Police Shoot 9 NYC Bystanders; Stray Shots May Be Inevitable


After Jeffrey Johnson shot and killed a former co-worker, Steven Ercolino, near the Empire State Building on Friday, it emerged that police officers had inadvertently shot nine bystanders in the exchange. The nanosecond speed at which a shooting plays out is followed by hours of analysis, second-guessing, and study, says the New York Times. Geoffrey Alpert, a criminologist at the University of South Carolina and an expert on the police use of force, said that hitting innocent civilians “doesn't happen very often, but it happens.”

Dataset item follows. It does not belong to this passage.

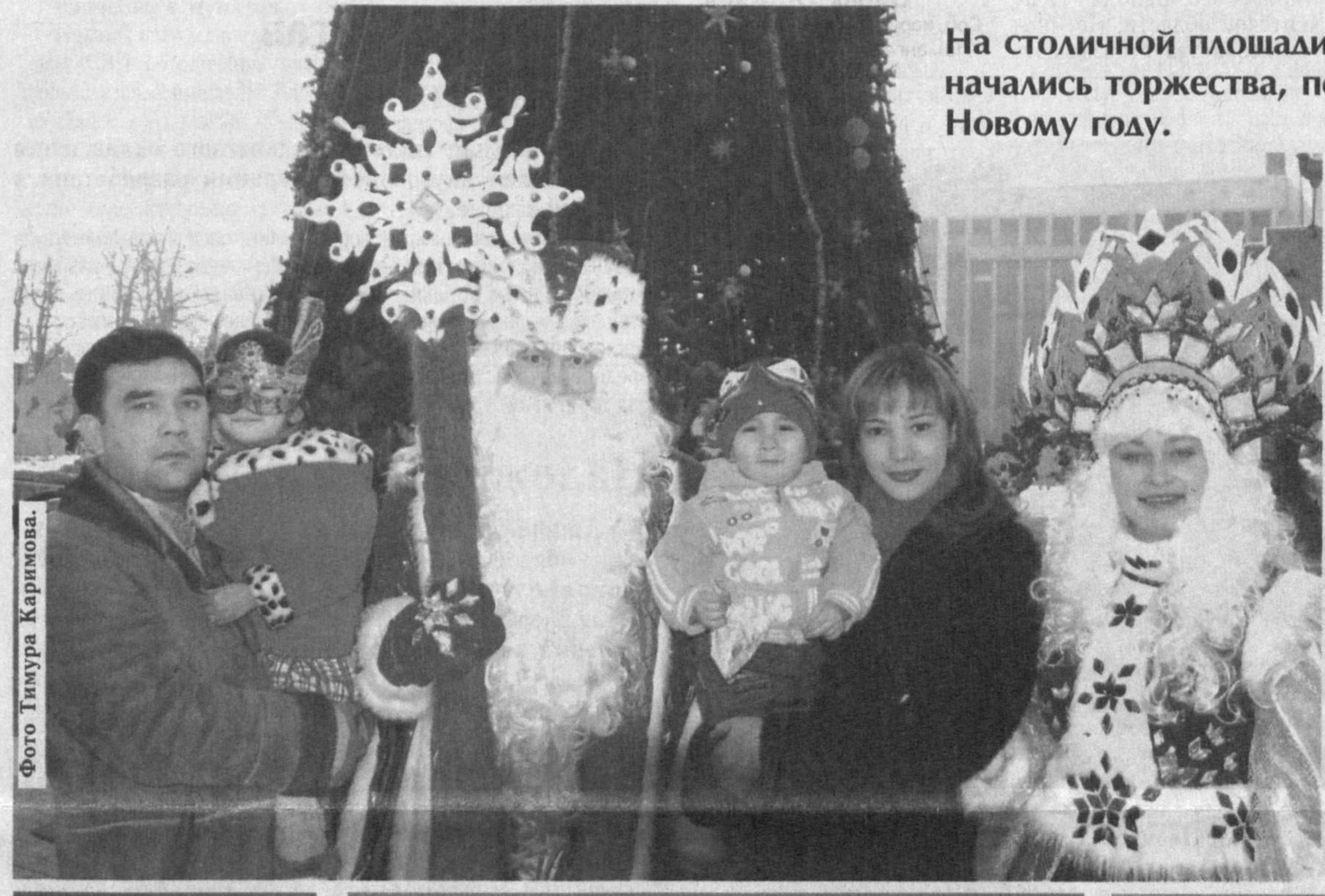
На столичной площади Мустакиллик начались торжества, посвященные Новому году.

He added: “The rule of thumb is that you do not put civilians in the line of fire, but the rule of thumb is also that you don't let a murderer get away.” In many police shootings, stray shots are almost inevitable; a study based on New York's annual firearms discharge reports indicated that officers hit their targets 34 percent or the time. “It's a tense situation, people are scared and moving,” Alpert said. “It's not like the movies, where you can shoot the gun out of his hand.” A recent New York police annual report says, “One of the grim realities of police work is the terrible contradiction that can arise when it becomes necessary to protect life by using deadly physical force.” The patrol guide, the department's manual, states that officers should not fire their weapons when, “in their professional judgment, doing so will unnecessarily endanger innocent persons.”